在华盛顿乡村遗产组织保存的一张1897年照片中,一名男子站在华盛顿州安吉利斯港附近的麦克唐纳邮局旁,粗糙的劈开木板靠在一个膨胀的雪松树基上,背景中森林依然茂密。印刷的说明文字起到了通常笑话的作用:主屋是一个空心雪松树桩,该树桩靠近地面处的周长达143英尺。[1]

这张照片需要站立的人作为参照,因为单独的尺寸数据令人感到荒谬。有人需要邮件,而另一些人则需要一个分类邮件的地方。在埃尔瓦河东侧,道路稀少,定居点仍在即兴建造,一棵树的残留树基就足以成为承载联邦日常事务的建筑。

树桩房间属于被砍伐的西部地区一种更广泛、更奇特的习惯。一棵树可能太大而无法整齐地消失。一旦可出售的树干被移走,树基就留下来,成为一堵墙、一个棚子、一个奇观或一个庇护所。Messy Nessy's Cabinet收集的照片和当地记载描述了华盛顿州、俄勒冈州和加利福尼亚州各地被改造成小屋、动物庇护所、酒店景点、舞池和住宅的树桩。[4]

1866年,在卡拉维拉斯县,一位摄影师发现三个人坐在建在原始大树桩上的房子里。
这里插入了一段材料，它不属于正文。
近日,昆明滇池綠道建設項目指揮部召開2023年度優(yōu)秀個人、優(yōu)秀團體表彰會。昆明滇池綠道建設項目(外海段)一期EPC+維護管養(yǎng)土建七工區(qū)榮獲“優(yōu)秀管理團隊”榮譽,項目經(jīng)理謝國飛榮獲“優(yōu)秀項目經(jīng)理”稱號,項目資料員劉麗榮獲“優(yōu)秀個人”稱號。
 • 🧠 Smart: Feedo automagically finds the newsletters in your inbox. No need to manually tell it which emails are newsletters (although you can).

[2] 这个房间看起来与其说是荒野浪漫,不如说是居家适应:椅子、墙壁、人们在最近还是一棵活树的地方摆姿势。到1920年,美国国会图书馆的另一张照片显示太平洋高速公路穿过一个直径20英尺的华盛顿红雪松树桩,隧道内放置了一名男子和一辆汽车以作比例参照。[3]
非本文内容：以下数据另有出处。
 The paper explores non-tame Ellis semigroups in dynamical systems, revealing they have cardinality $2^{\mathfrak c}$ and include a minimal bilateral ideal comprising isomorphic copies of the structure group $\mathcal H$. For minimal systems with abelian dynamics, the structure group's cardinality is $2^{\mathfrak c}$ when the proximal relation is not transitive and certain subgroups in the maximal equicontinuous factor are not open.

在那些照片中,前门和道路的切割让这些树桩既显得匠心独运又令人痛心。树桩本不该有门,而门的出现仅在一棵巨树被砍伐之后。同一个物体可以看起来节俭、炫耀、绝望和粗心,这取决于你首先注意到的是邮政局长、斧头、道路还是那片消失的树冠。

在被伐木的农场上,可出售的树干被移走后,巨大的雪松树基可能仍留在地里。将其拔出可能需要金钱、牲畜、工具和时间。一个中空的树桩本身就有了墙壁。加上屋顶、木板、纸张、炉子或招牌,问题就暂时改变了形态。

在麦克唐纳的照片中,最奇特的物品可能是钉在开口上方那块普通的招牌。信件抵达,姓名被分类。邻居们在树桩处停下,因为邮件就在那里。一片森林已被砍伐成木材、路基和开垦的土地,然而一个巨大的树根末端仍然矗立在那里,大到足以借给政府使用。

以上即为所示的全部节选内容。